At the start of September, it traded just below $1.16, also fell nearly 3 percent against the Euro over the same period.

In a research note Wednesday, Capital Economics Chief UK Economist Paul Dales expected sterling to “plumb new depths” as political and economic uncertainty continue to hammer UK assets.

He said: “We think the pound will fall from $1.17 now to around $1.05 by the middle of next year. 

That would leave it below the levels reached before the 1985 Plaza Accord ($1.09), after the UK left the ERM in 1992 ($1.43), during the 2008/09 Global Financial Crisis ($1.38), after the 2016 Brexit vote ($1.21) and during the 2020 COVID-19 crisis ($1.21).

“In fact, $1.05 would be an all-time record low. At the same time, with high inflation likely to prevent the Bank of England from cutting interest rates as soon as the financial markets anticipate, we expect only a small fall in 10-year gilt yields by the end of this year and a big decline in the FTSE 100.”

Meanwhile, Ms Truss admitted that Brexit Britain may not strike a free trade deal with the US for years.
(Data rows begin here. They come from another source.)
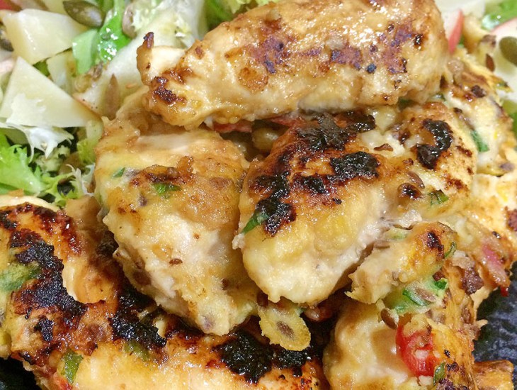 Cuando el pollo está ligeramente dorado, le añadimos (con una cuchara) un poco de la salsa que ya tendremos preparada, luego le damos la vuelta y volvemos a añadir la salsa por el otro lado.
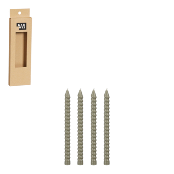 Deze trendy Twist dinerkaarsen geven elke kandelaar een bijzondere uitstraling. Zeker in combinatie met de donkergroene kleur! Erg leuk om in de avond aan te steken, maar ook overdag erg mooi als decoratie. De set bestaat uit vier kaarsen met een afmeting van H18 x Ø1,4 cm.
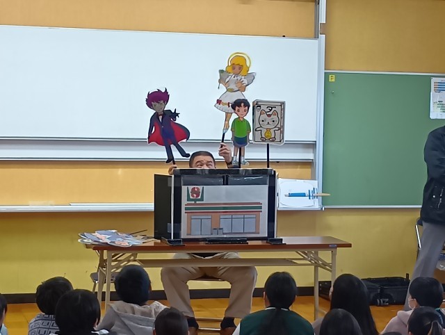 ペープサートの人形劇では、万引きが「いたずら」でなく「犯罪」であることをわかりやすく教えていただきました。また、最近増えているSNSの被害に遭わないためには、お家で決められたスマートフォンなどのルールを守ることが大切だと話されていました。
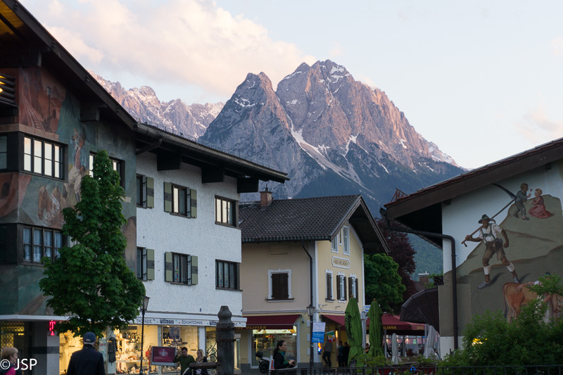 Vakarienės važiuojame į Garmisch – visai netoli, mažiau nei pusvalandis labai vaizdingu (ir labai vingiuotu) keliu per kalnų slėnį. Garmisch – jaukus miestukas, aprėmintas aukštų snieguotų viršukalnių, smagu čia pasivaikščioti dienai baigiantis, ypač kai dar ne sezonas ir turistų nedaug.
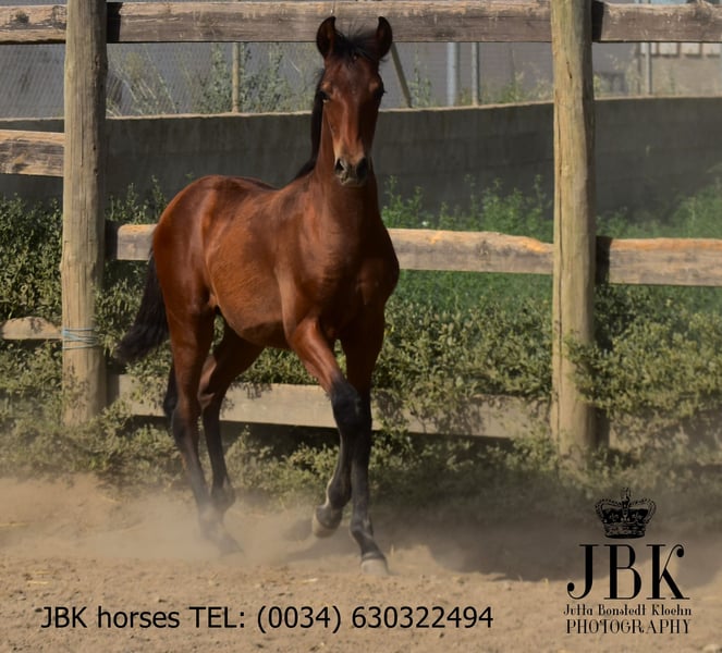 Valentin wurde am 14.02.2025, wie kann er also auch anders heissen? Ein sehr süsser Schatz, mit exzellenten Bewegungen. Seine Mutter ist eine gekörte PRE Stute, ihr Vater ist ebenfalls ein PRE, ist aber nicht gekört, somit hat er seinen EU Pass ohne Rassenachweis. Er kennt jetzt schon das Fohlen ABC gut, hat nie etwas Böses erfahren in seinem bisherigen Leben. Auch in einer Herdenhaltung mit verträglichen Artgenossen benimmt er sich vorbildlich. Wer diesen tollen Kerl fördern möchte, sollte nicht zögern.
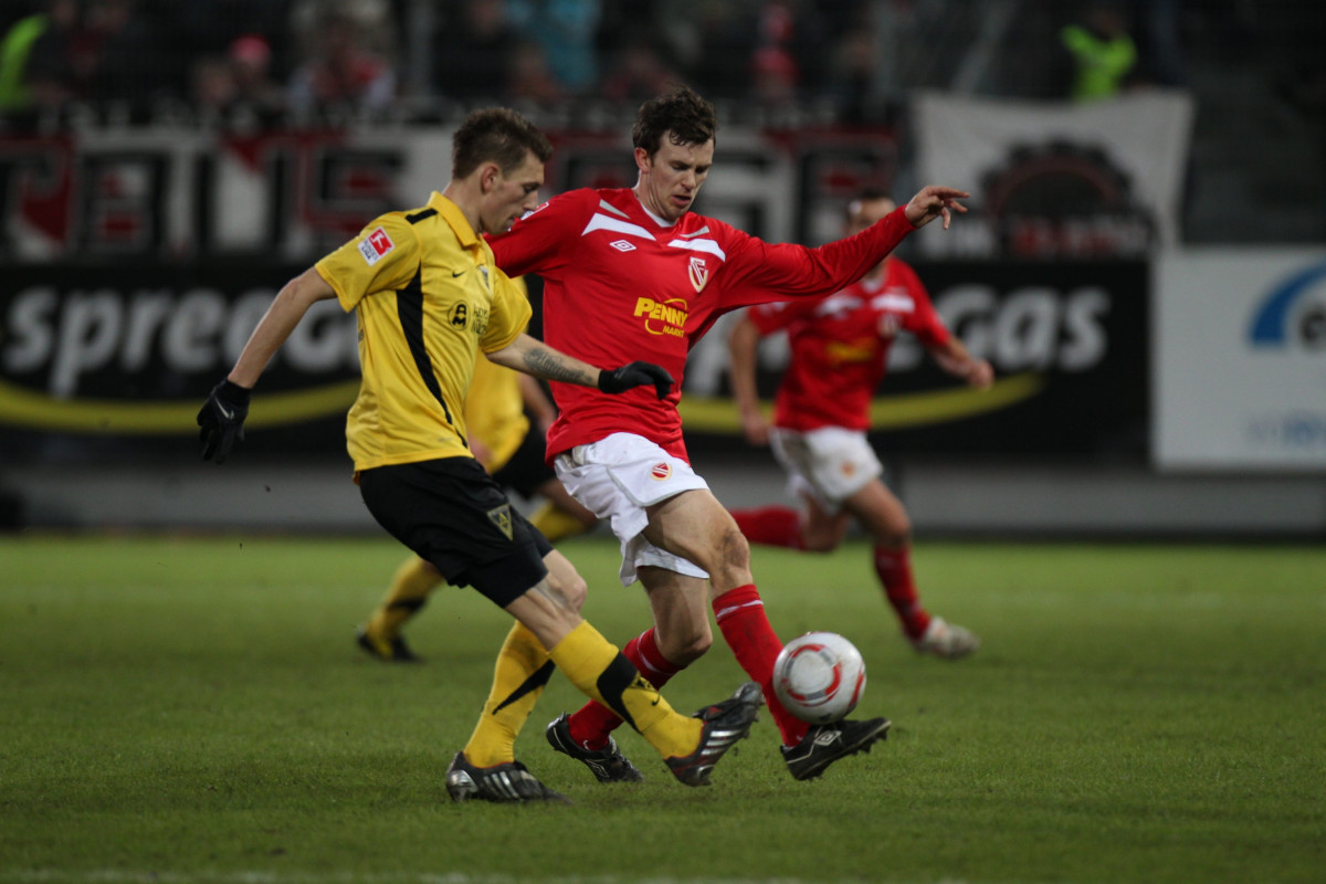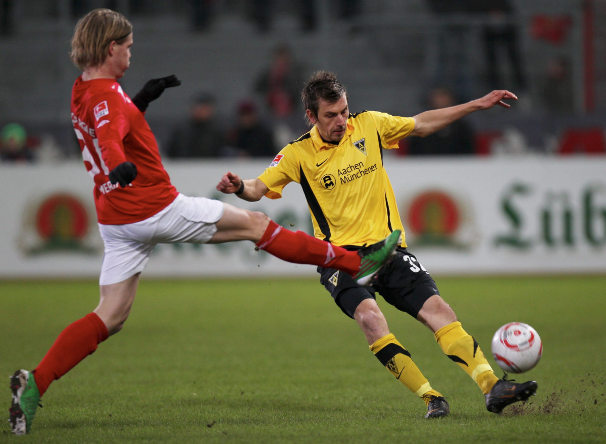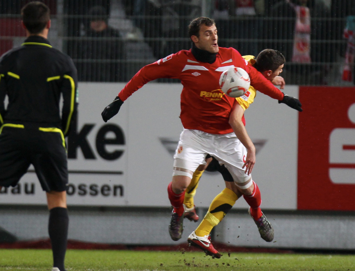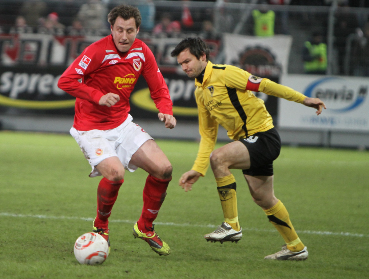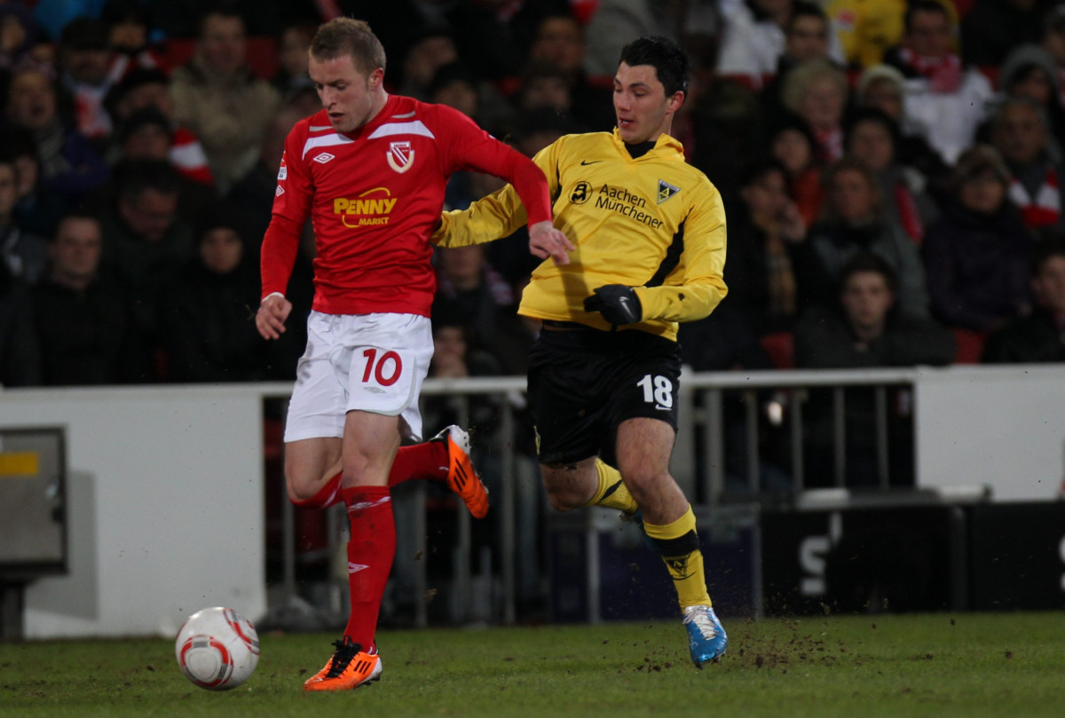 In den vergangenen Jahren war das Stadion der Freundschaft kein gutes Pflaster für die Schwarz-Gelben, der letzte Dreier gelang in der Erstligasaison 2006/2007. Doch die Tivoli-Kicker ließen sich davon in der Anfangsphase nicht beeindrucken und kamen richtig gut in die Partie. Arslans ersten Schuss lenkte Renno zur Ecke, wenige Sekunden später verzog Junglas nur knapp vom Strafraumeck (3.). Schwarz-Gelb nutze den Schwung der ersten Minuten, und wie: Nach einem Einwurf erhielt Kratz die Kugel, zog aus knapp 25 Metern per Spannschuss ab und ließ die Alemannia früh auf fremdem Geläuf jubeln – Renno lenkte den tollen Distanzschuss nur noch ins obere Netz (8.).

Her comments came ahead of the Prime Minister’s first bilateral meeting with US President Joe Biden.

On the plane to the US, Ms Truss admitted to reporters: “There aren’t currently any negotiations taking place with the US and I don’t have any expectation that those are going to start in the short to medium term.”

Instead, the Prime Minister’s said her priorities would be joining the trans-Pacific trading partnership of 11 countries, including Australia, Canada and Singapore, as well as striking deals with the Gulf States and India.